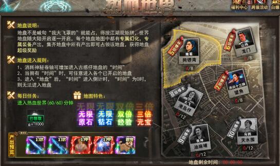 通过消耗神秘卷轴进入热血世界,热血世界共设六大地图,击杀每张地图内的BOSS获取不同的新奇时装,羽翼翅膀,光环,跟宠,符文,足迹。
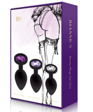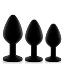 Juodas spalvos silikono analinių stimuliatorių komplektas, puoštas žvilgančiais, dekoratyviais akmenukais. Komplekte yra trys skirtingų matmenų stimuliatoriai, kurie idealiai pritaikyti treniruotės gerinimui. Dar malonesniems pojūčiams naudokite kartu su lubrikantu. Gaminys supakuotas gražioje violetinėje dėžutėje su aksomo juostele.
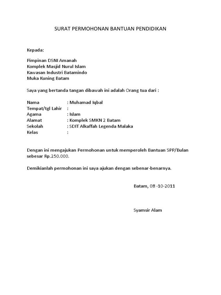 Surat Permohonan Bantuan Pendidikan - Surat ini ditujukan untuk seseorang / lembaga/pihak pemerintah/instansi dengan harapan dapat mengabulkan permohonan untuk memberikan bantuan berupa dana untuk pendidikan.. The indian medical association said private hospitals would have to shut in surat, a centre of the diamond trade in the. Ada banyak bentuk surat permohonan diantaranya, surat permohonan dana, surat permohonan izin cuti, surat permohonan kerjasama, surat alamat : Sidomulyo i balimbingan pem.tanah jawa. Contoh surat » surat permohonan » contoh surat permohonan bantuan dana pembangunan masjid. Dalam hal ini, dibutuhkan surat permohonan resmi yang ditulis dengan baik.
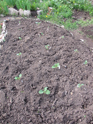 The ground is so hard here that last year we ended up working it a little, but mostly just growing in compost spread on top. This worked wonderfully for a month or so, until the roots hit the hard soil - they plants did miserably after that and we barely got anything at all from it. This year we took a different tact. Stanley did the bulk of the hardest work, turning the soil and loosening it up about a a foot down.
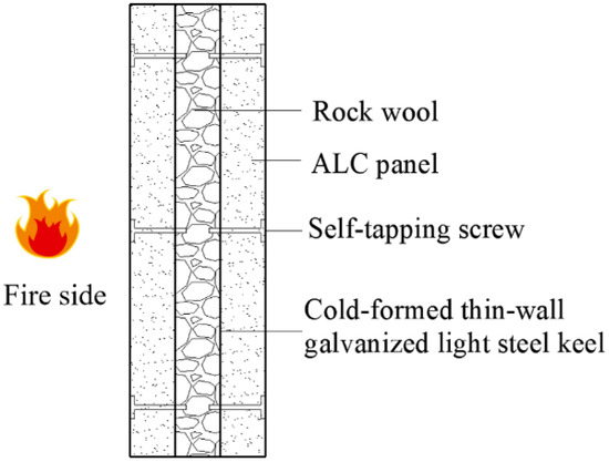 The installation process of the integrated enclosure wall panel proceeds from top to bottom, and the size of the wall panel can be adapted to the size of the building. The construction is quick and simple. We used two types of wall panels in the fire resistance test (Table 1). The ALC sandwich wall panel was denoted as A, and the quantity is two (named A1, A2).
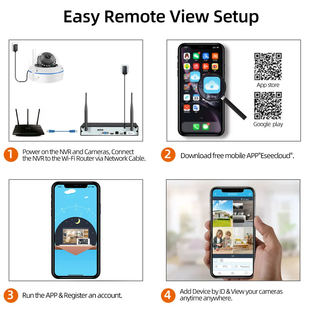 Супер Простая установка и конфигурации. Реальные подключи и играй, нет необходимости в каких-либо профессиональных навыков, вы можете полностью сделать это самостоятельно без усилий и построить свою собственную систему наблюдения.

------------------------------------------------

◆ **Work to complete**
Pictures are to be omitted. Print exactly the lines from the line containing "The installation process" through the final line of the material above, both included.

◆ **Problem solution**
 The installation process of the integrated enclosure wall panel proceeds from top to bottom, and the size of the wall panel can be adapted to the size of the building. The construction is quick and simple. We used two types of wall panels in the fire resistance test (Table 1). The ALC sandwich wall panel was denoted as A, and the quantity is two (named A1, A2).
 Супер Простая установка и конфигурации. Реальные подключи и играй, нет необходимости в каких-либо профессиональных навыков, вы можете полностью сделать это самостоятельно без усилий и построить свою собственную систему наблюдения.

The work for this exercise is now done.